The picture processing apparatus mentioned above is provided with look-up tables LUT.sub.1 and LUT.sub.2 that differ from each other. The look-up tables execute separate processing operations with regard to all of the pixel data x.sub.ij, input the results of processing G.sub.ij (x.sub.ij), Fij(x.sub.ij) to a window processing circuit 21, outputs G.sub.ij (x.sub.ij) as P.sub.ij (x.sub.ij) when the corresponding window data W.sub.ij is "0", and outputs F.sub.ij (x.sub.ij) as P.sub.ij (x.sub.ij) when the corresponding window data W.sub.ij is "1". In the example of FIG. 7, non-conversion operators G.sub.ij are stored in LUT.sub.1, and the outputs G.sub.ij (x.sub.ij) of LUT.sub.1 are output as x.sub.ij.
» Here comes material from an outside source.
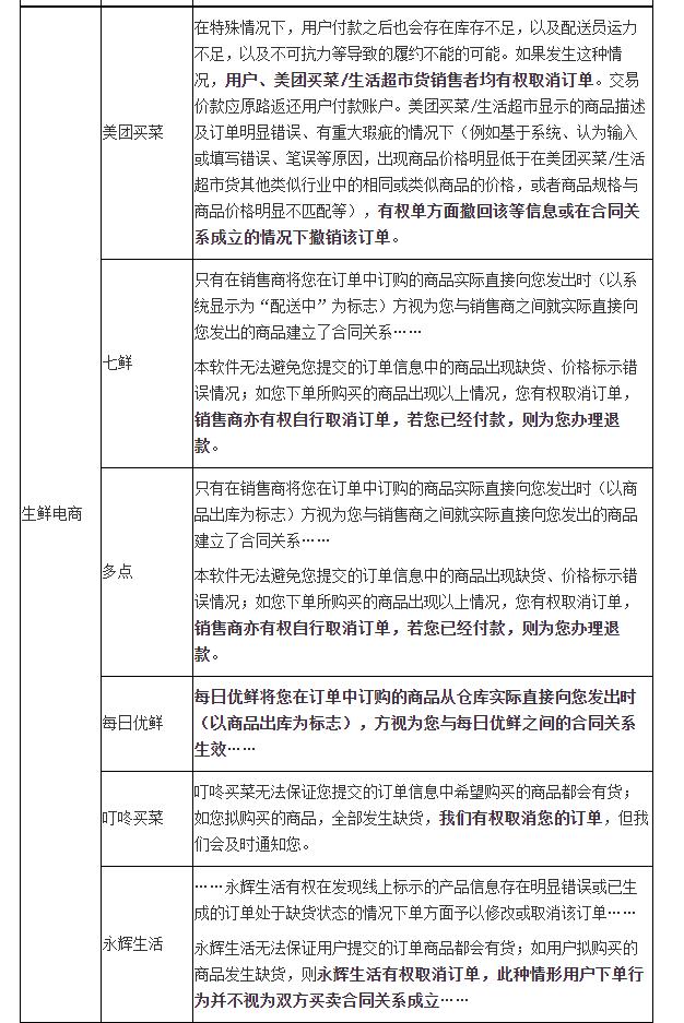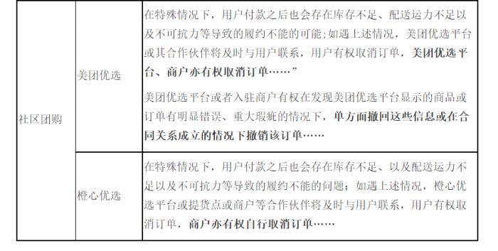 其中,每日优鲜、多点、京东、1号会员店4个平台规定,只有商品从仓库实际发出,方视为与消费者建立了合同关系,涉嫌违反《电子商务法》有关合同成立规定;真快乐、云集、七鲜、亚马逊、多点、京东、1号会员店、小米有品、华为商城、永乐票务、票牛、美团买菜、叮咚买菜、永辉生活、美团优选以及橙心优选16个平台规定,商品缺货、标错价格等情况有权取消订单,涉嫌通过格式条款减轻或免除自身责任。

More specifically, as for the output P.sub.ij (x.sub.ij) of window processing circuit 21, the pixel data which prevailed prior to processing are output as is at addresses where the window data is "0", and pixel data which have been subjected to binary coding processing by LUT.sub.2 are output at addresses where the window data is "1".
In this conventional apparatus, hard-wired logic shown in FIG. 8 is used as the window processing circuit 21 With this hard-wired logic, the outputs G.sub.ij (x.sub.ij) and F.sub.ij (x.sub.ij) of the look-up tables LUT.sub.1 and LUT.sub.2 are applied to one input terminal of the AND circuits 30 and 31, respectively, a signal obtained by inverting the window data W.sub.ij by means of an inverter 32 is applied to the other input terminal of the AND circuit 30, and the window data W.sub.ij is applied as is to the other input terminal of the AND circuit 31. Accordingly, the outputs G.sub.ij (x.sub.ij) and F.sub.ij (x.sub.ij) are gated by the window data W.sub.ij. The outputs of the AND circuits 30 and 31 are applied to an OR circuit 33 to obtain the window-processed output P.sub.ij (x.sub.ij).
However, this hard-wired logic is required to be provided for each of the pixels of pixel data to be processed. In the example of FIG. 7, the hard-wired logic is required to be provided for each of 25 pixels. The logic therefore occupies a considerably large surface area of a printed circuit board and entails high cost. Furthermore, considerable time is needed for design, and design modification cannot be easily carried out.
The present invention has been devised to solve the foregoing problems and its object is to provide a picture processing apparatus which reduces hardware costs, enables the processing applied to data to be set very simply and has look-up tables which can be readily modified.